▶ **Data below**
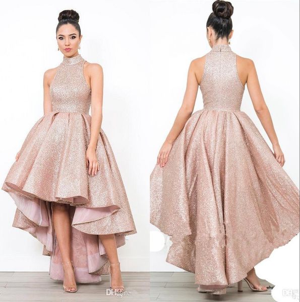 2019 arabic high neck sequin evening dresses ruched high low a line formal prom dresses party gowns bc2287, Black;red
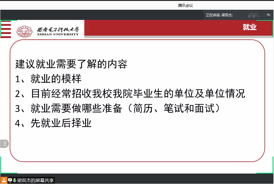 辅导员梁双杰老师结合近两年的就业形势,提醒同学们不要错过“金九银十”的就业机会,结合自身特点,制作修改简历,认真准备笔面试,有计划地推进个人秋招进度。梁老师强调,同学们要“先就业、再择业”,开阔眼界,多尝试、多了解,不要在一开始就限定了自己的可能性。
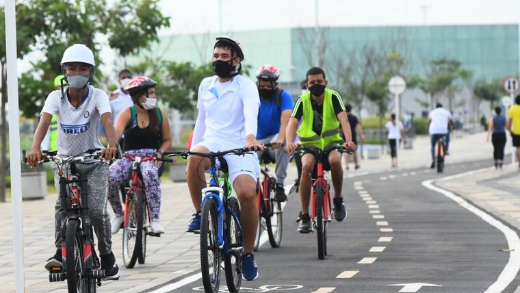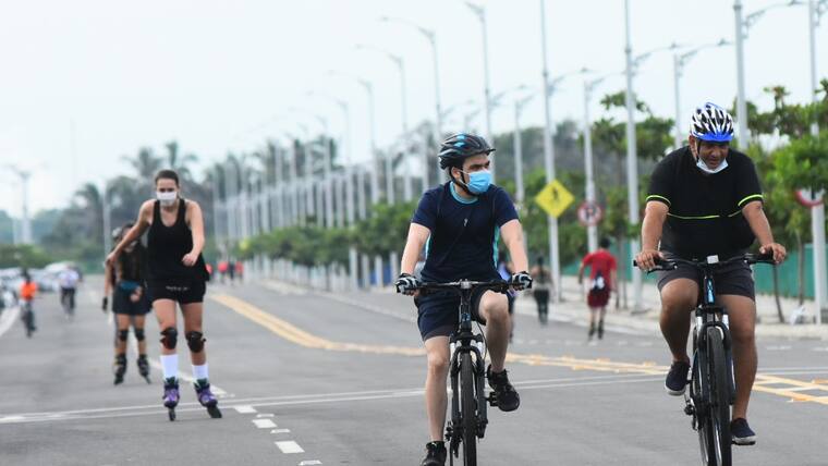 Así mismo, durante el recorrido realizado por EL HERALDO por diferentes parques y lugares destinados a la realización de ejercicios, se evidenció gran afluencia de personas caminando, trotando, montando bicicletas y patinando, pero respetando el distanciamiento social y el uso del tapabocas.
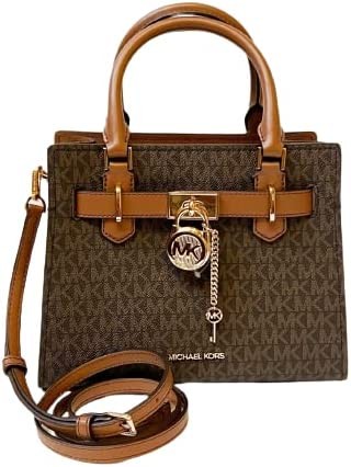 Michael Kors HAMILTON Small Satin Shoulder Crossbody Bag MK Signature Brown, Brown Pvc, NS

▶ **Task brief**
Repeat the material verbatim. Do not carry over any picture.

▶ **Answer for the task**
 2019 arabic high neck sequin evening dresses ruched high low a line formal prom dresses party gowns bc2287, Black;red
 辅导员梁双杰老师结合近两年的就业形势,提醒同学们不要错过“金九银十”的就业机会,结合自身特点,制作修改简历,认真准备笔面试,有计划地推进个人秋招进度。梁老师强调,同学们要“先就业、再择业”,开阔眼界,多尝试、多了解,不要在一开始就限定了自己的可能性。
 Así mismo, durante el recorrido realizado por EL HERALDO por diferentes parques y lugares destinados a la realización de ejercicios, se evidenció gran afluencia de personas caminando, trotando, montando bicicletas y patinando, pero respetando el distanciamiento social y el uso del tapabocas.
 Michael Kors HAMILTON Small Satin Shoulder Crossbody Bag MK Signature Brown, Brown Pvc, NS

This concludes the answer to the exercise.